Gerade als Zeitdokument war man ästhetisch und inszenatorisch selten so nah an der Vikingerzeit dran. Doch leider begeht The Northman den Fehler und nimmt uns nicht mit auf die Reise einer recht generischen Rachgeschichte sondern schwängert seine Inszenierung mit übernatürlicher Symbolik und Abstraktionen, wodurch sich das Tempo zwischendurch so abrupt verschleppt. 137 Minuten sind dabei bei weitem zu viel und zeitgleich doch zu wenig. Recht zwiegespalten werden so manche simplen Dinge viel zu ausführlich erzählt und am ende dann doch viel zu lieblos abgehandelt. Noch dazu ist die Epik hier mehr Schein als sein, da mit Beginn des Abspanns doch recht wenig Nachhall im Kopf bleibt. All der Hass der sich angestaut hat, all die toxischen maskulinen Bräuche und Traditionen die hier dann doch auf Kopf gestellt werden entladen sich nicht in einem dynamischen Finale, sondern eher in einem ansehnlichen Einmaleins des klassischen Showdowns.
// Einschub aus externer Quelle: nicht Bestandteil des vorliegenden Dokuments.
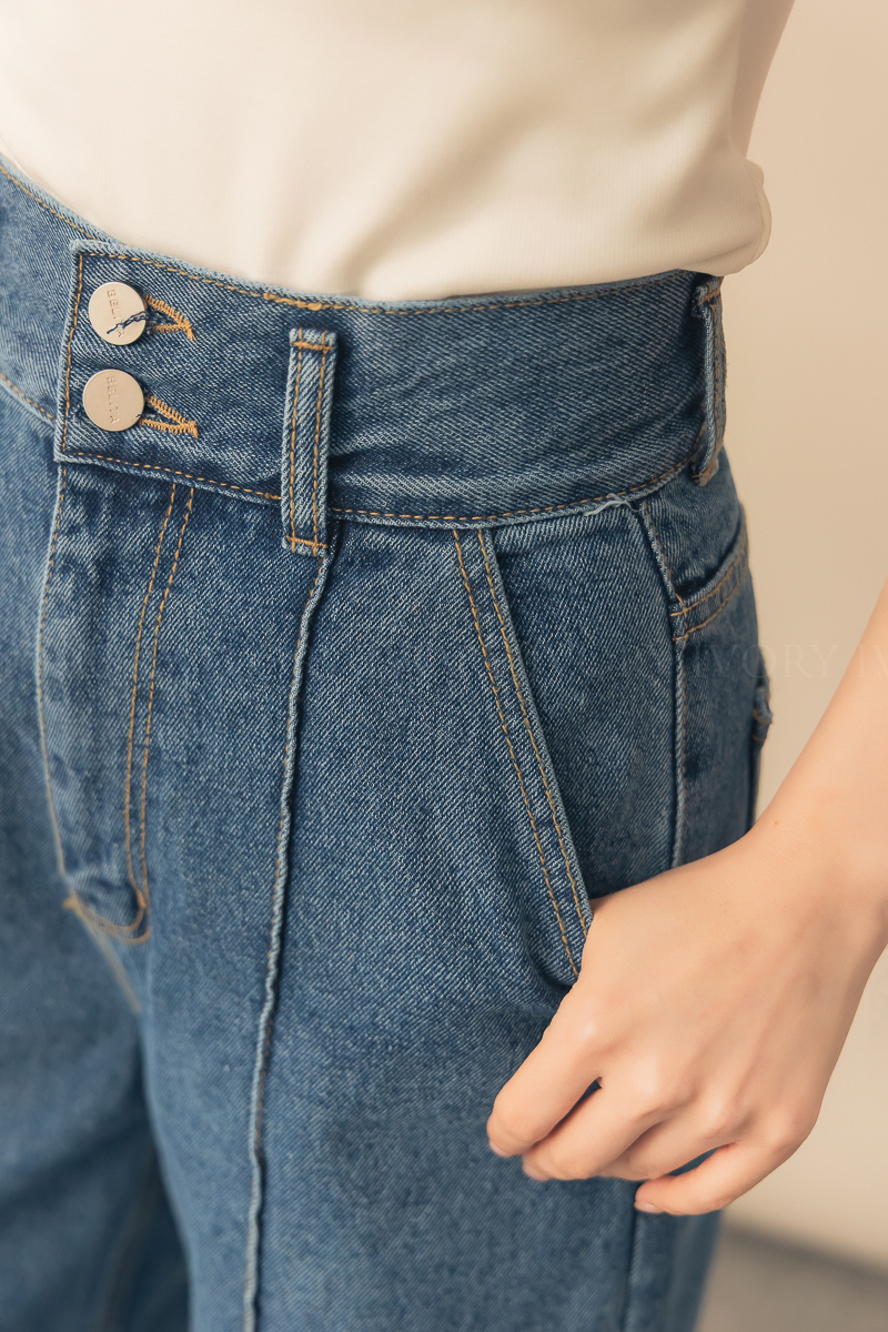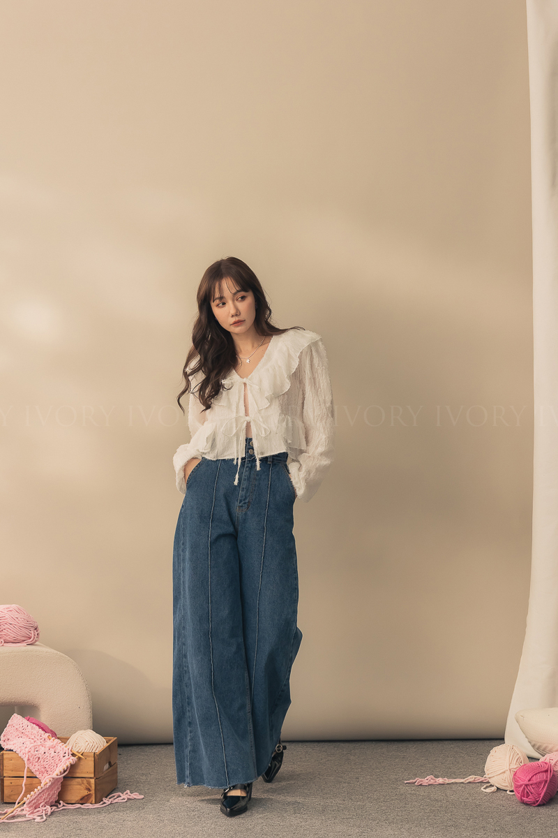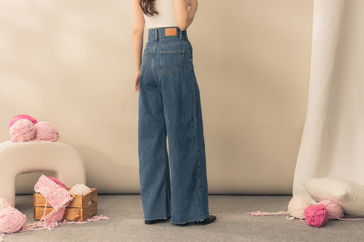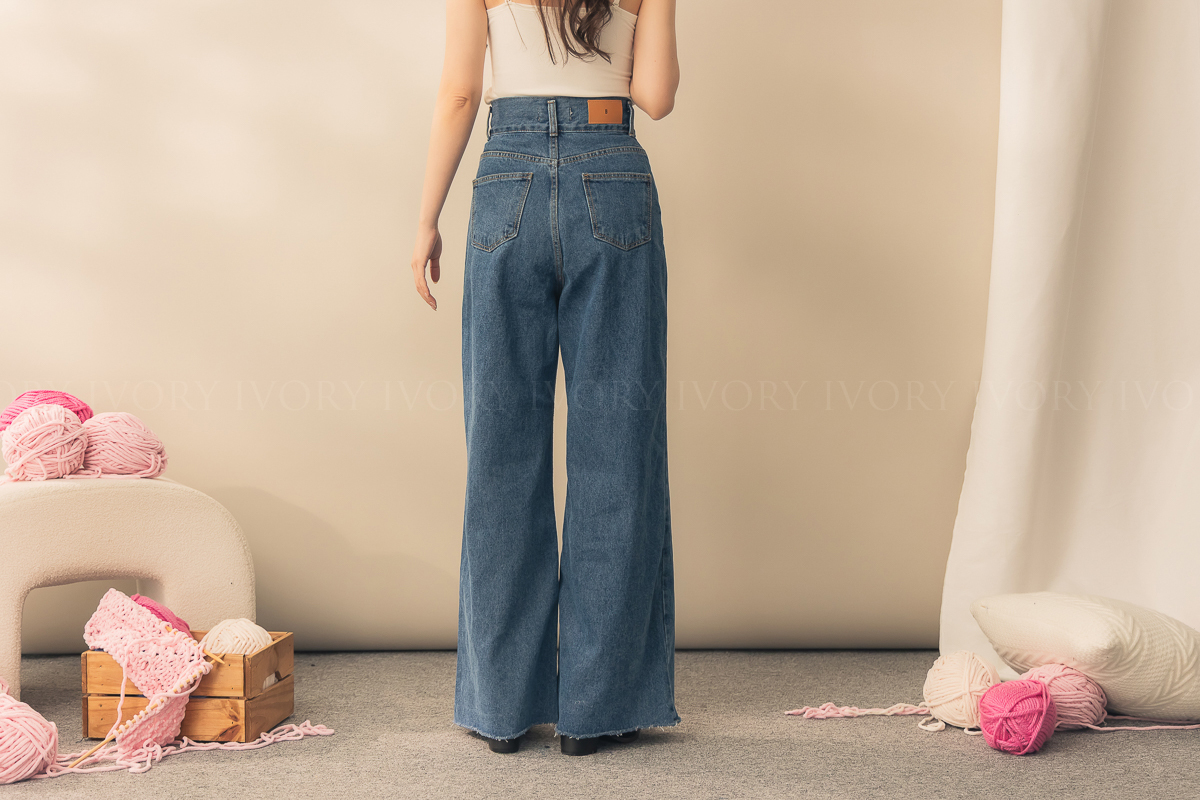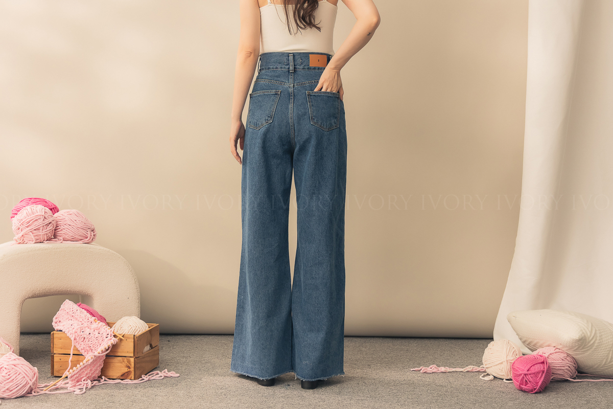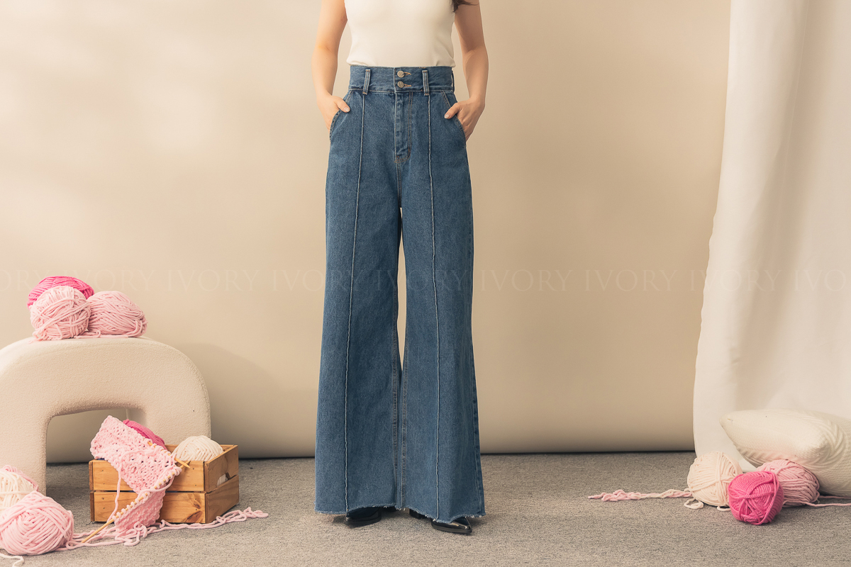 N51012長腿姐姐高腰寬直筒牛仔長褲

Interessant wird es immer dann wenn Eggers seine Horrorwurzeln mit in das Geschehen einfließen lässt und beunruhigende Schattenmontagen mit Bildern von Hexen einstreut oder die Unterwanderung Amleths in Fjölnirs Dorf wie ein Terrorszenario anmuten lässt. Leider eskaliert das Ganze nicht so furios, was wohlmöglich an den Studiointerferenzen liegen könnte. Komplett sperrig wird der Film dann nämlich auch nicht, wohlmöglich um eine größere Zielgruppe bedienen zu können. Schade ist es auch, dass die Darsteller hier so verheizt werden, denn die monströse Präsenz von Alexander Skarsgård stellt alles in den Schatten. Die sonst so fabelhafte Anya Taylor-Joy darf zwischendrin von links nach rechts laufen, gelegentlich ein paar Zaubersprüche aufsagen und wird Opfer einer generischen Liebesgeschichte, Willem Dafoe und Björk sieht man nur minimal in Nebenrollen und Claes Bang bleibt als vermeintlicher Antagonist leider im Schatten.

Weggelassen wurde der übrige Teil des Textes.